» **What is needed**: Every line of the listing below should be written out exactly, minus its images.

BEGIN Data

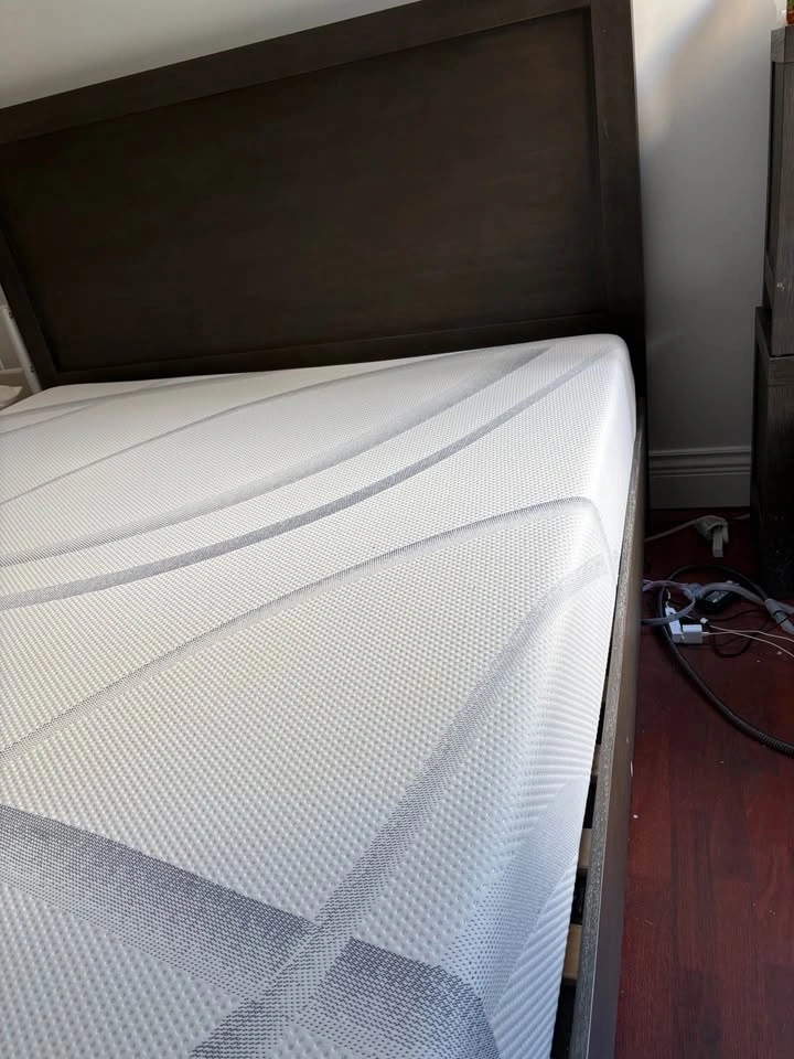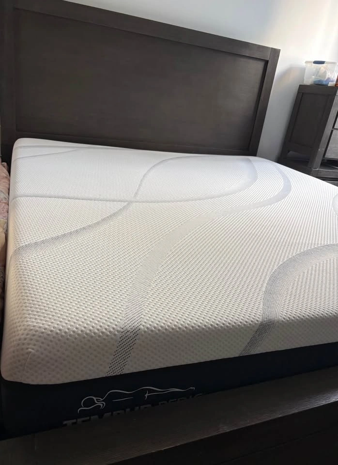 Very comfortable Tempur-Pedic king mattress and sturdy bed frame with two storage drawers. Includes two matching nightstands with drawers. Only 2 years old and in great condition. Selling because of moving.
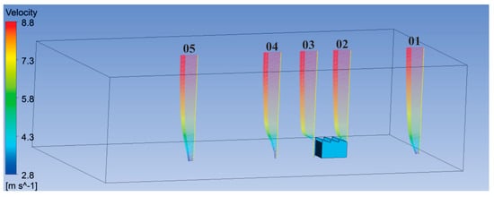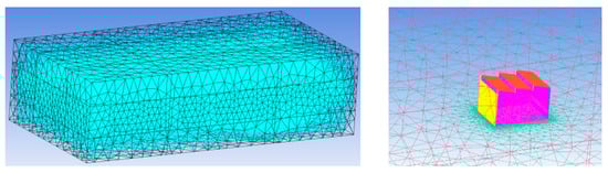 The area of obstruction of the building in the domain was a maximum of 1.5% in the direction perpendicular to the flow, following the suggestion of Cost (2004) [] and Tominaga et al. (2008) []. Thus, the blocking effect is avoided, preventing the domain boundaries from influencing the flow.
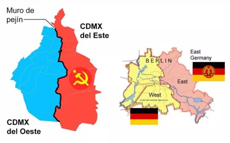 Luego de que los datos del Programa de Resultados Electorales Preliminares (PREP), del Instituto Nacional Electoral (INE), marcarán un resultado histórico al dividir el mapa electoral de la Ciudad de México entre Morena y la coalición hecha por el PAN-PRI-PRD, donde la derecha se llevó las alcaldías del poniente y la izquierda las del oriente, usuarios en redes sociales comenzaron a lanzar memes y chistes en la web comparando la división partidista de la capital con el muro que dividía la Alemania Oriental y Alemania Occidental levantada en 1945.
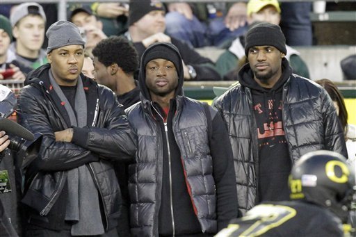 That’s because the Heat reportedly have their targets set on Carmelo this summer. DWade’s knee is a shakey future to bank on. Melo is in the hunt for his first ring and is an offensive machine. Add to that LeBron looking a bit worn down at moments this season. Like he’s tired of shouldering the bulk of the work load, it makws sense.
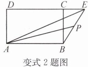 变式2.如图,长方形$ABCD$面积为6,点$E在DC$的延长线上,连接$BE$,$P为BE$中点,则$S_{\triangle ABP}$的面积为(

END Data

» **Exercise result**:
 Very comfortable Tempur-Pedic king mattress and sturdy bed frame with two storage drawers. Includes two matching nightstands with drawers. Only 2 years old and in great condition. Selling because of moving.
 The area of obstruction of the building in the domain was a maximum of 1.5% in the direction perpendicular to the flow, following the suggestion of Cost (2004) [] and Tominaga et al. (2008) []. Thus, the blocking effect is avoided, preventing the domain boundaries from influencing the flow.
 Luego de que los datos del Programa de Resultados Electorales Preliminares (PREP), del Instituto Nacional Electoral (INE), marcarán un resultado histórico al dividir el mapa electoral de la Ciudad de México entre Morena y la coalición hecha por el PAN-PRI-PRD, donde la derecha se llevó las alcaldías del poniente y la izquierda las del oriente, usuarios en redes sociales comenzaron a lanzar memes y chistes en la web comparando la división partidista de la capital con el muro que dividía la Alemania Oriental y Alemania Occidental levantada en 1945.
 That’s because the Heat reportedly have their targets set on Carmelo this summer. DWade’s knee is a shakey future to bank on. Melo is in the hunt for his first ring and is an offensive machine. Add to that LeBron looking a bit worn down at moments this season. Like he’s tired of shouldering the bulk of the work load, it makws sense.
 变式2.如图,长方形$ABCD$面积为6,点$E在DC$的延长线上,连接$BE$,$P为BE$中点,则$S_{\triangle ABP}$的面积为(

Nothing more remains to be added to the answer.